- ACTIVITY -
Start at the line in the entries below that contains "酷开txt首尾植入文字工具使", stop at the line that contains "Волгоград, Россия.Красный армейский", and output exactly the lines in that span, both ends included.

- GIVEN RECORDS -
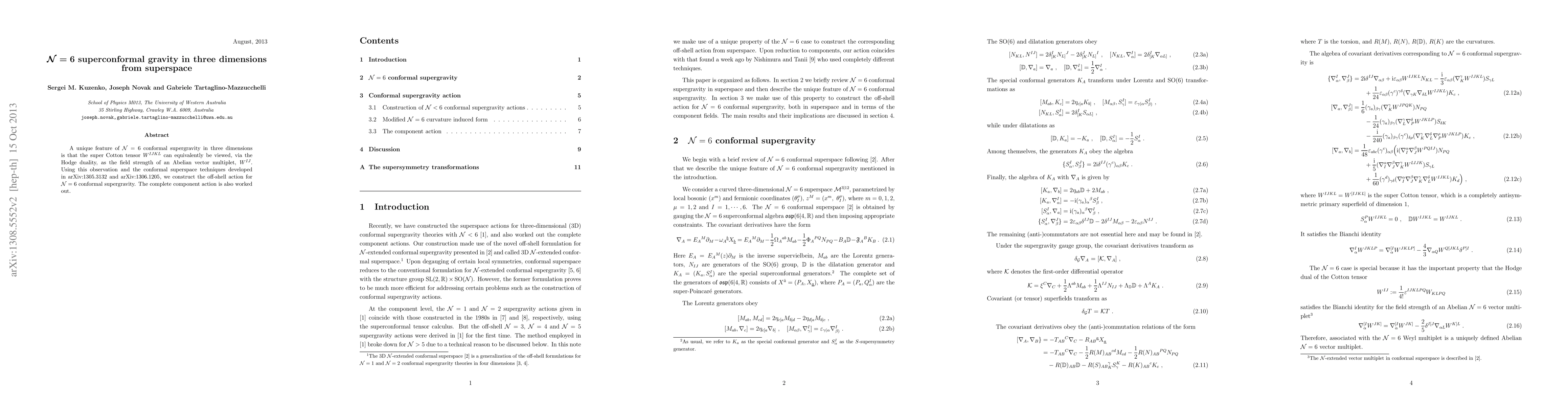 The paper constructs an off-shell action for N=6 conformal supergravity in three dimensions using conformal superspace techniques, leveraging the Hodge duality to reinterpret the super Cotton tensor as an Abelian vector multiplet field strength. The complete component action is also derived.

* * *

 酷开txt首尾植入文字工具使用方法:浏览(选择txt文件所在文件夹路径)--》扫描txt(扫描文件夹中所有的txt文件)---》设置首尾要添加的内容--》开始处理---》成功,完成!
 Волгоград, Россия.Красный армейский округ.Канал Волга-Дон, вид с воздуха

- SOLUTION TO THE PROBLEM -
 酷开txt首尾植入文字工具使用方法:浏览(选择txt文件所在文件夹路径)--》扫描txt(扫描文件夹中所有的txt文件)---》设置首尾要添加的内容--》开始处理---》成功,完成!
 Волгоград, Россия.Красный армейский округ.Канал Волга-Дон, вид с воздуха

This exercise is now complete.